I like to add one more step to this merry go round.  I think that the day after the test is extremely important, maybe just as important as all the other steps a student, and teacher have to take to successful learn and retain the material necessary to grasp Common Core math problems.  This step is actually a bit hard on me.  Some nights when I'm working on this step I ask myself, "Why are you killing yourself for this job?"  But I really believe in this step, and if I didn't do, I would kind of feel like all the other hard work that I had put into that particular math standard would be pointless.

You ask what is this ridiculously tiring extra step?  Well, after the students take the test I take them all home and correct and grade them.  Then I record the grades in my grade book.   By this time I am tired and want to stop but I know I can't.  I must write a nice growth mindset message on every test, "I see you've practiced your multiplication facts!"  or "I think if you took extra time and used your notes you would see better results."  I then go through all their tests and make a spreadsheet that tells me how each student did on each question.  This way I can pull small groups throughout the upcoming week to reteach the concepts not yet grasped.

Now you are probably thinking, "Why does this have to be done all in one day?"  Well, I have read research by Dr.
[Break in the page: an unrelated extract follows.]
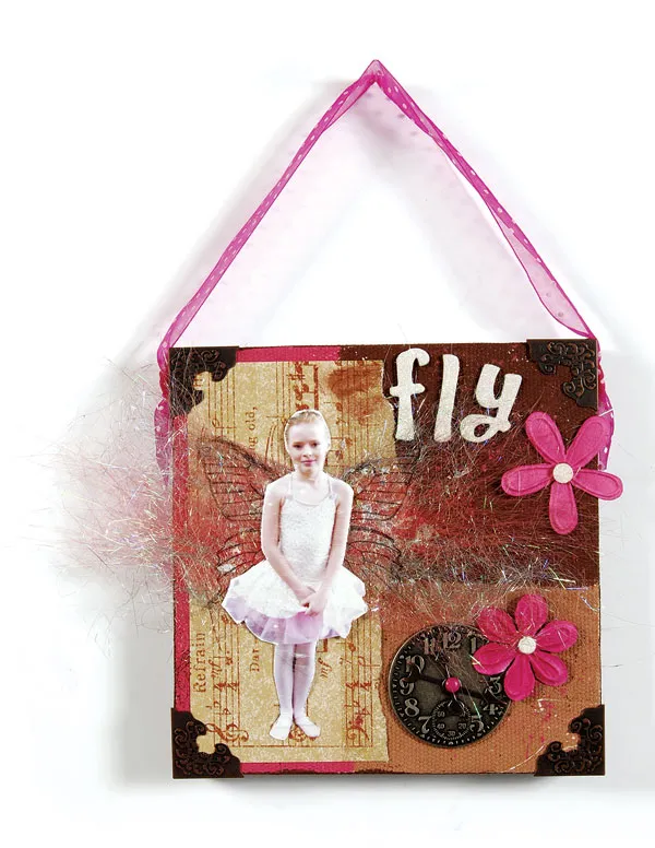 Tear the right long edge of a 2 ½” x 5 ½” rectangle of horizontal music paper. Glue the paper overlapping the pink rectangle on the canvas. Glue the metal corners to each canvas corner and let dry. Adhere “fly” letters to the top of the brown section. Knot the ends of the ribbon length and glue the knots to the left and right sides of the canvas. Let dry.

Marzano that proves a correlation between the time a student takes a test and the time he receives the results.  The closer the time frame, the more meaningful the test, and the more successful the student will be when taking the test and retaining the material.  The more time that passes, the less powerful the test and thus, the concepts taught by me.  I don't want my hard earned time used teaching the students to go to waste!  I want to get the most bang for my buck!  I want to give my students their tests back as soon as humanly possible!  And if that means that I work late one night so I can give the students back their tests the next morning, then that is what will happen.

So the next morning I give the students back their tests.  I have them write a refection on them in their interactive math journals.  They must write about something they did well, something they still need to learn, and something they question.   Then the next step I feel may be one of the most powerful steps.  I send the students out to mingle with their classmates.  Their assignment is either to explain something, or have something explained to them.  This is how it works.  They look for a peer that got the answer they got wrong, right.  Then that peer must explain how to do the problem.  If the student understands how to compete the problem after the explanation, they ask the student to sign their problem for them.  If they still don't understand, then they look for another tutor.  Both students win in this activity because the person being tutored, gets tutored, and the tutor gets practice explaining a problem, which is fantastic practice to help take him to the next level in their math capabilities.  Lastly, I tell the students to take their math tests home to be reviewed and signed by their parents.   Any home-school collaboration is a welcome addition to my math problem, and parent involvement is an extremely powerful tool in any subject.  Plus, there are fewer surprises at parent-teacher conference time.

You may think I am a workaholic, and you are probably right.  But out of all the extra activities I do off the clock I feel most strongly about this one.  I do feel that if even one of these steps were taken out of my "after test day routine" that my students would be harmed a bit educationally.  I do believe that what we as teachers do after a test is just as important as what we do before the test.  And if we don't have the time to do all the steps, why even take the test?